• _YOUR OBJECTIVE_:
Begin at the line below that holds "Transformez votre routine" and end at the line that holds "教育学院教学工作会议于201", transcribing each line exactly and skipping any picture.

• _RECORDS SUPPLIED_:
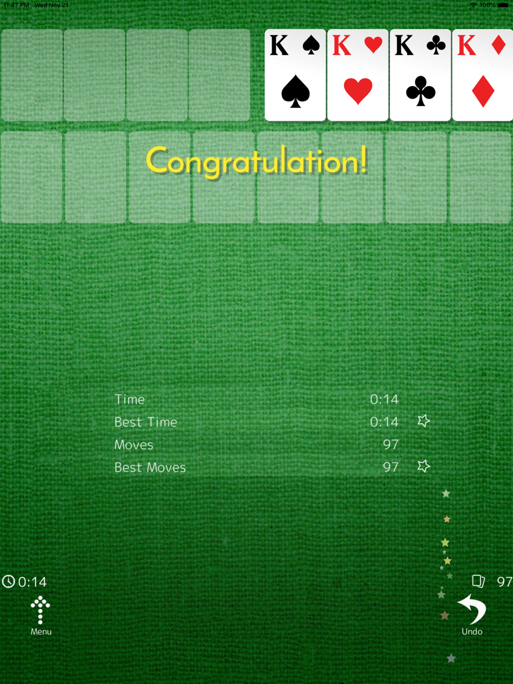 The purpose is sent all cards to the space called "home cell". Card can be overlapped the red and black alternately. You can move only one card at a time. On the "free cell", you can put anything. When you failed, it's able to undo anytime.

==

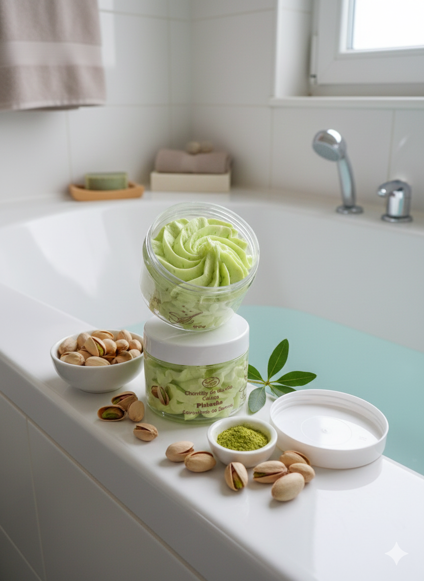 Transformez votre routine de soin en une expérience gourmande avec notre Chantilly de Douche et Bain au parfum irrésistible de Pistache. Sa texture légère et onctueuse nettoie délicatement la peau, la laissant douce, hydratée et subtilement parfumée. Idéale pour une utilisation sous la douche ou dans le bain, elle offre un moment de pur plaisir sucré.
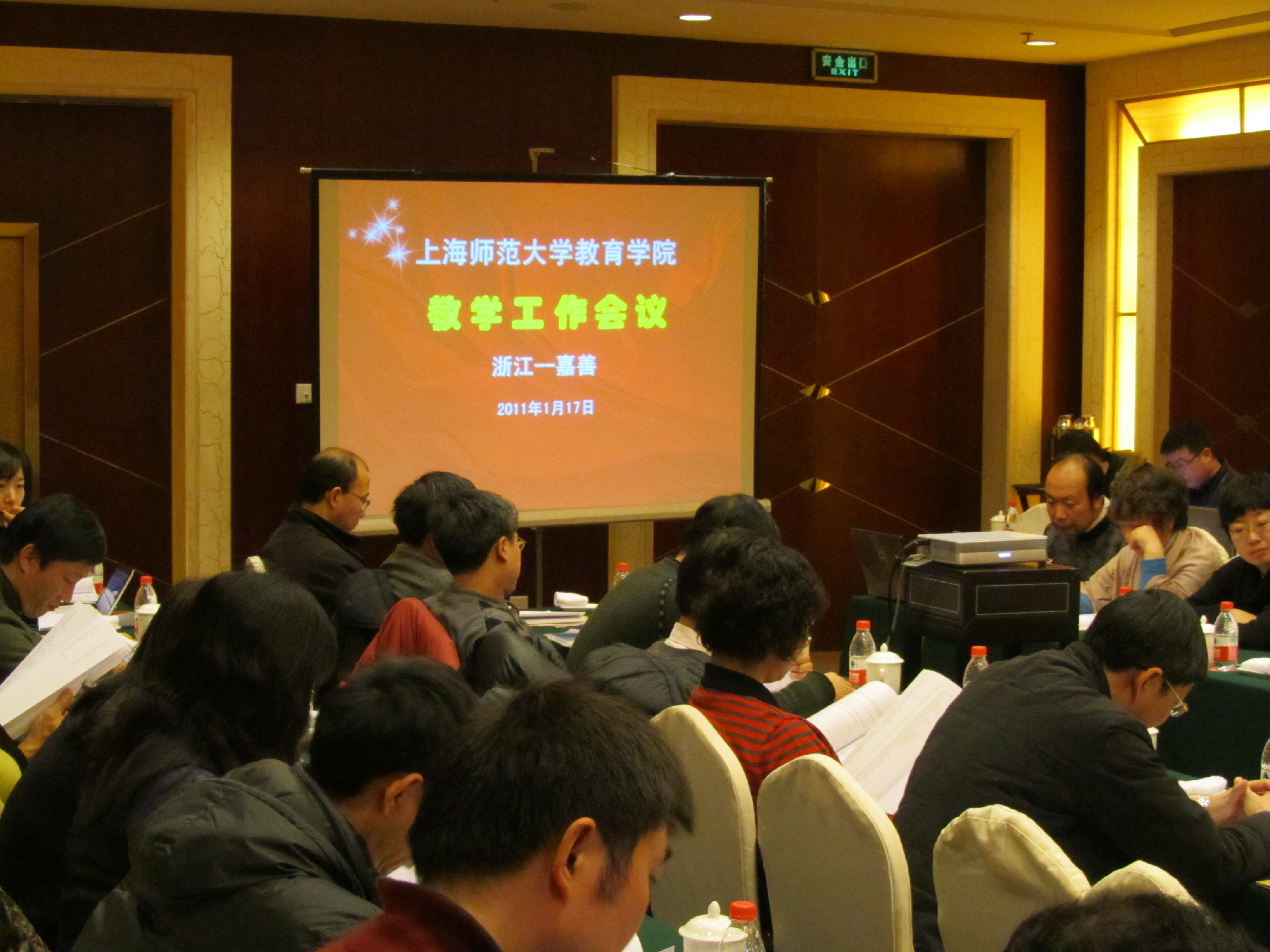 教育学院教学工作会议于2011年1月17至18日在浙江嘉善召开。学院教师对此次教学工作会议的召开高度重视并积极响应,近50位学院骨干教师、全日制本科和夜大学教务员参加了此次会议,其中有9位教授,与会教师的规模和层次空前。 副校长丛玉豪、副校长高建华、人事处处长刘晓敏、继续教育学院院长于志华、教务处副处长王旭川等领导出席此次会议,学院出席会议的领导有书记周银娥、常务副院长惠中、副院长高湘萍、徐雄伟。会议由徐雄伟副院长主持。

* * *

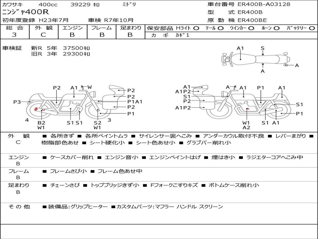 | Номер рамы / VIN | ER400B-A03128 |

• _RESULT OF THIS EXERCISE_:
 Transformez votre routine de soin en une expérience gourmande avec notre Chantilly de Douche et Bain au parfum irrésistible de Pistache. Sa texture légère et onctueuse nettoie délicatement la peau, la laissant douce, hydratée et subtilement parfumée. Idéale pour une utilisation sous la douche ou dans le bain, elle offre un moment de pur plaisir sucré.
 教育学院教学工作会议于2011年1月17至18日在浙江嘉善召开。学院教师对此次教学工作会议的召开高度重视并积极响应,近50位学院骨干教师、全日制本科和夜大学教务员参加了此次会议,其中有9位教授,与会教师的规模和层次空前。 副校长丛玉豪、副校长高建华、人事处处长刘晓敏、继续教育学院院长于志华、教务处副处长王旭川等领导出席此次会议,学院出席会议的领导有书记周银娥、常务副院长惠中、副院长高湘萍、徐雄伟。会议由徐雄伟副院长主持。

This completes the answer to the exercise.